Things got a little tacky for us Pammers in the 1980s when someone turned up the marketing heat on the stuff. On the less harmless side with flute music in the backdrop we heard commercials that said, “Start with PAM...Your recipes turn out right!”

That was encouraging.

Years later, we were reminded around Christmas that “PAM really cooks for the holidays” and “PAM just kind of works its magic and lets the food get all the attention.”

Then, there was the commercial where two brothers personified the PAM. “It” became a “her.”

“Whoa. How’d you make lemon chicken?” says one brother to another.

“PAM,” answers the other.

“She got a sist-ah?” deadpans the first bro.

In a dramatic and ugly turn of events for us Pams, a commercial break for MacGyver in January 1987 featured a rap song in which the company sales pitch was conveyed.

“P-PAM! P-PAM! P-PAM!”

I was a sophomore at St. Joseph Hill Academy when my friends adopted the song with the gestures to match: “Have you thought about PAM? You can use it on a grill. You can put it on a mold. When you’re frying it’s a thrill!”

“P-PAM! P-PAM! P-PAM!”

And there was also this ditty, thanks to the Pammy jam: “You should think about PAM. There’s none of this or that. When you’re cleaning up your pans you get it done in no time flat.” It’s catchy, I’ll admit, but not Pam-tastic for the Pamelas of the planet.

What is it like growing up as a “Pam?” Somehow there’s always a food association — it’s just innate.

Pam

Pam Carlton and Skippy, a nickname she received in camp because of her love for peanut butter. (Staten Island Advance/Pamela Silvestri)

“First there was that time in camp there was more than one Pam in my bunk,” recalled Pam Carlton of West Brighton. “So they had to distinguish between us. I like peanut butter. So they called me ‘Skippy.’ My mother was not happy. But it worked for the summer I was in camp.”
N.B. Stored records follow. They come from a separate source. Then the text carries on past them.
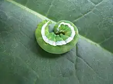 La chenille atteint 40 mm de long, plutôt adipeuse. Le corps est vert-jaunâtre avec une ligne blanche très marquée sur le flanc.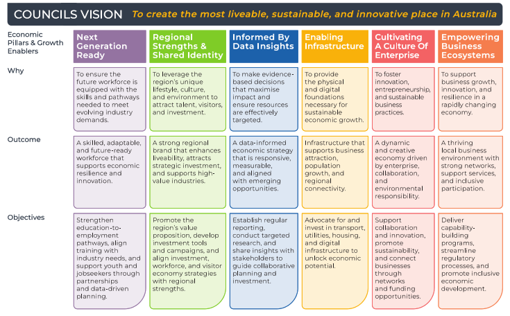 The strategy responds to the challenges of: a rapidly growing and ageing population; significant workforce pressures; housing and infrastructure demands and; reliance on population-serving sectors. It also highlights opportunities to: strengthen high-value and export-oriented industries; improve workforce readiness and; reduce economic leakage through local supply chain development.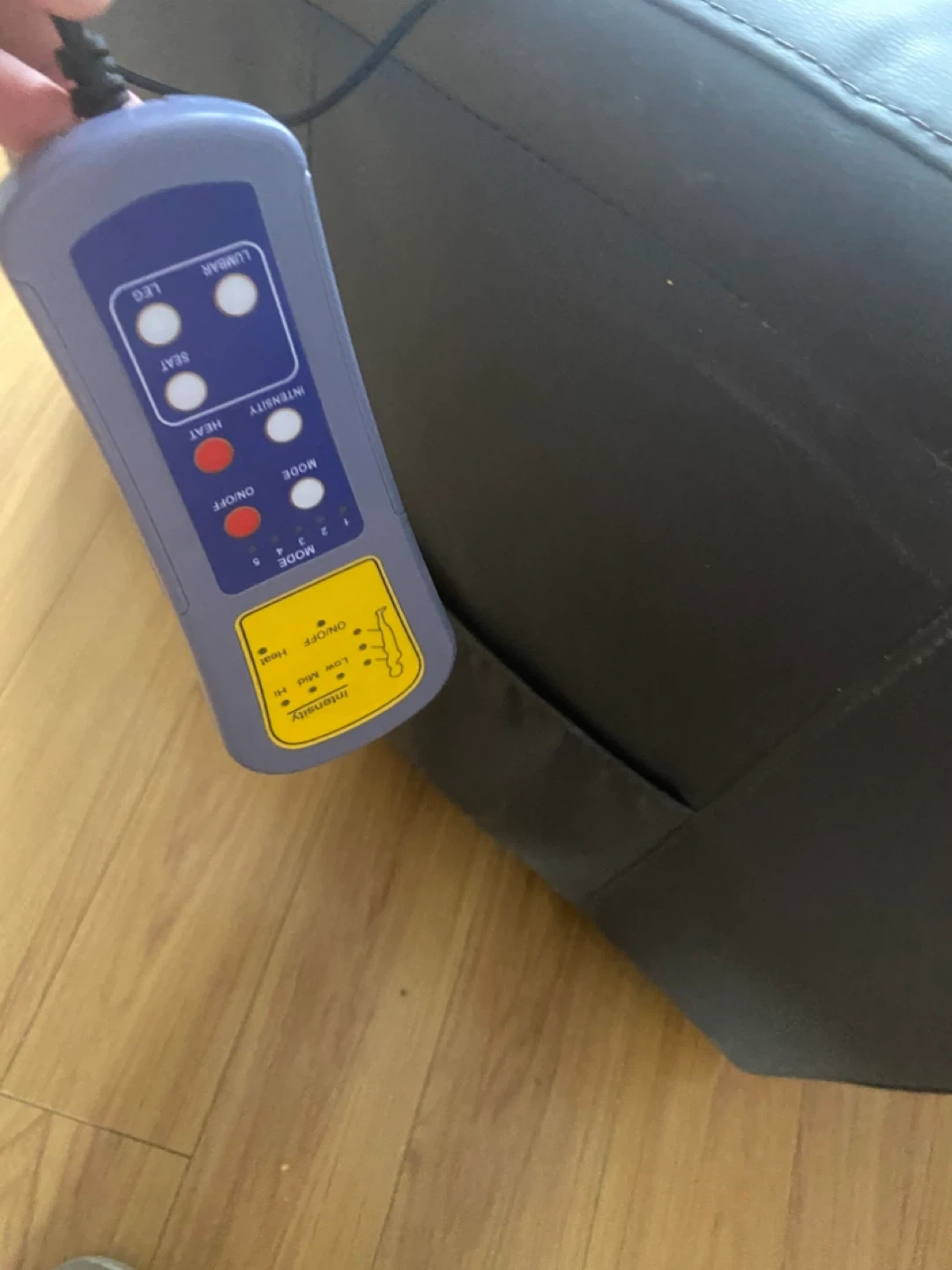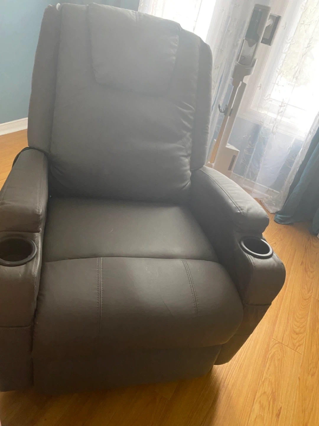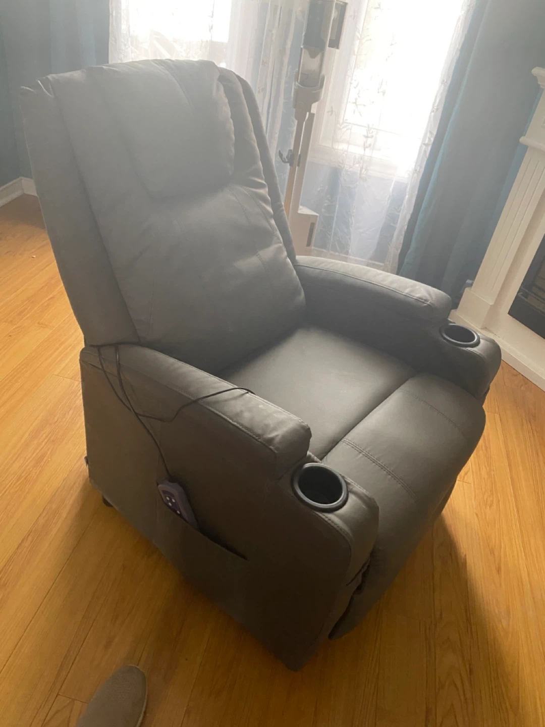 This recliner offers a comfortable seating experience with built-in massage functions for your legs, seat, and lumbar. It features integrated cup holders for convenience. The chair comes with a remote control to adjust intensity, mode, and heat settings.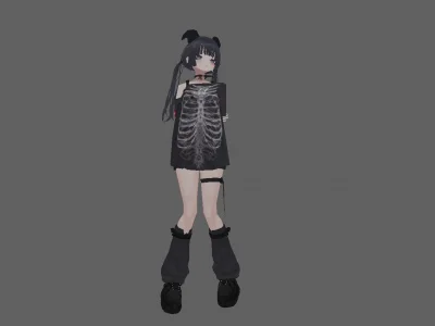 Модель «Munkki» - Это аниме-модель персонажа в готическом стиле с черными волосами и характерными аксессуарами, адаптированная для использования в качестве скина игрока для CS 1.6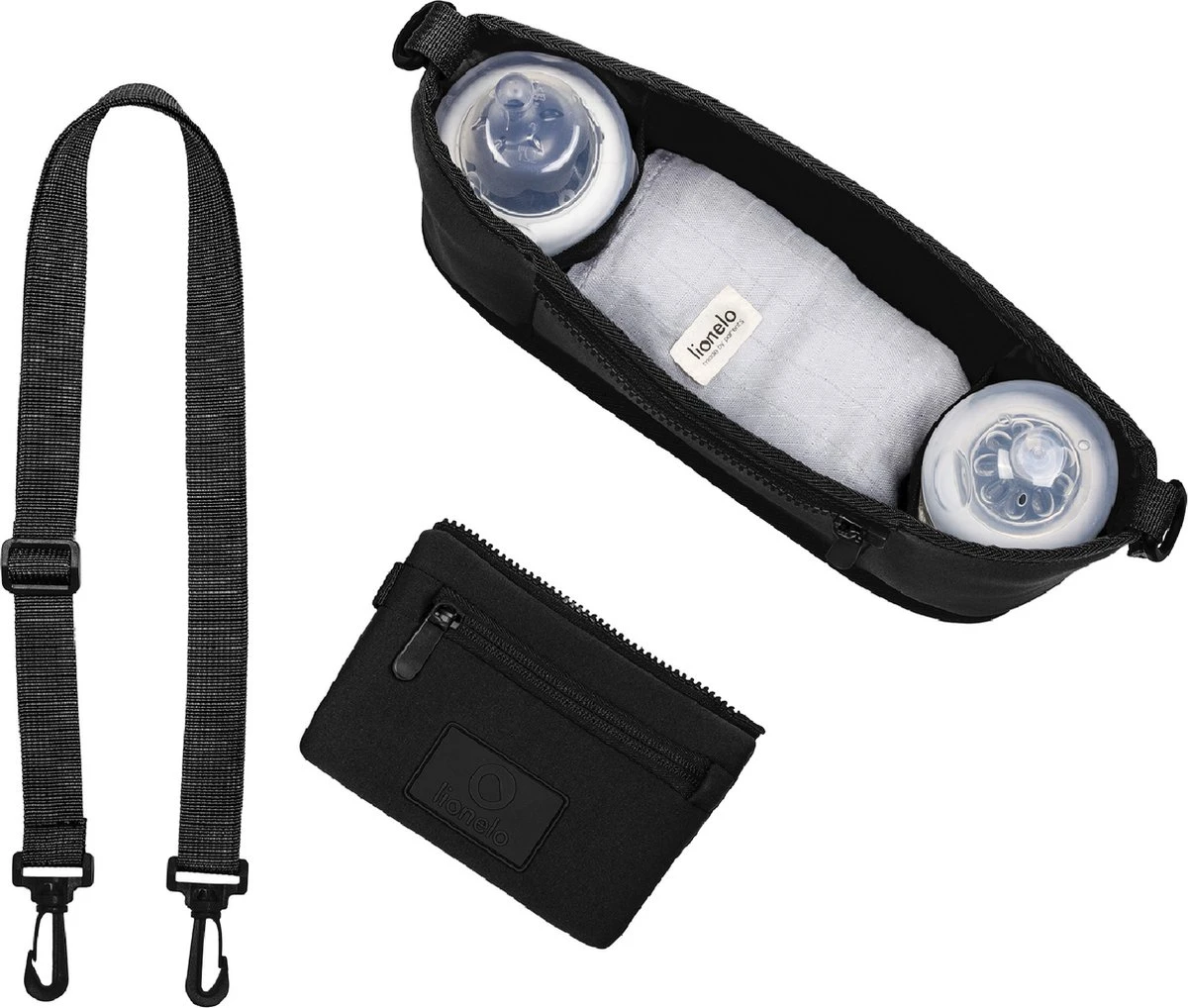 Hiermee heb je alle benodigde items bij de hand, zelfs als je niet in de buurt van de kinderwagen staat. Comfortabel opgehangen over de schouder, de organisator is perfect om te lopen.

A retired EMS worker, Pam Carlton said, “On the ambulance, we used to have to carry 2-Pam which is used for organophosphate poisoning. So they would sometimes call me 2-Pam. Everyone had a nickname on the ambulance. Another one of mine was ‘Spam-inator.’”

Yeah, I got the SPAM thing, too. But Pam Carlton did not earn such a meaty label until adulthood.
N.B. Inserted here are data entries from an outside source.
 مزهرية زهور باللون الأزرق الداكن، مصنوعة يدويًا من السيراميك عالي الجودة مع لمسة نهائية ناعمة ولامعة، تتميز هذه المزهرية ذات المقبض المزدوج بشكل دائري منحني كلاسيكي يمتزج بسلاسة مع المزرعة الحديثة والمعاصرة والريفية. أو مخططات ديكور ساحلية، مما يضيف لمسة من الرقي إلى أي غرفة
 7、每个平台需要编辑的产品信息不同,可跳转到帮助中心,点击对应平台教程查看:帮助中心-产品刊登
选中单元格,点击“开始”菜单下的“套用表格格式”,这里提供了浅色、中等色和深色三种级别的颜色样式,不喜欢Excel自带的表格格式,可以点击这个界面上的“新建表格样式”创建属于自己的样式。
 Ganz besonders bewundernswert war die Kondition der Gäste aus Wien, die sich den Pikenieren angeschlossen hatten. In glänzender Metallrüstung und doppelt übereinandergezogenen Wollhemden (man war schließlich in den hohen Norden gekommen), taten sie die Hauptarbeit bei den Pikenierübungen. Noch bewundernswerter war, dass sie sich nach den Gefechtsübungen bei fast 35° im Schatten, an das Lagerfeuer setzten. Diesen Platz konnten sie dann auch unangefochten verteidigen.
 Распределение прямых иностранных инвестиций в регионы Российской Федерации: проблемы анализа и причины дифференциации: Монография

She reflected on the war-time protein and said, “I never really was called ‘SPAM’ because my Dad served in Korea and he vowed it would never be on our lips.”

As a lifelong Pam-Pam and an occasional Pam-a-lamma Ding Dong, people don’t always hear “Pamela” or “Pam” upon introductions. They hear “Ann” or “Fran” or some rhyming derivation of the shortened name. So I just go with it and say, “It’s Pam...like the cooking spray.” And that sometimes gets a laugh.

My name originally was supposed to be Pasqualina which means “little Easter” in Italian. That was my Dad’s suggestion. But my Mom — the one who signed the birth certificate — was not having that. So here I am: Pam I am.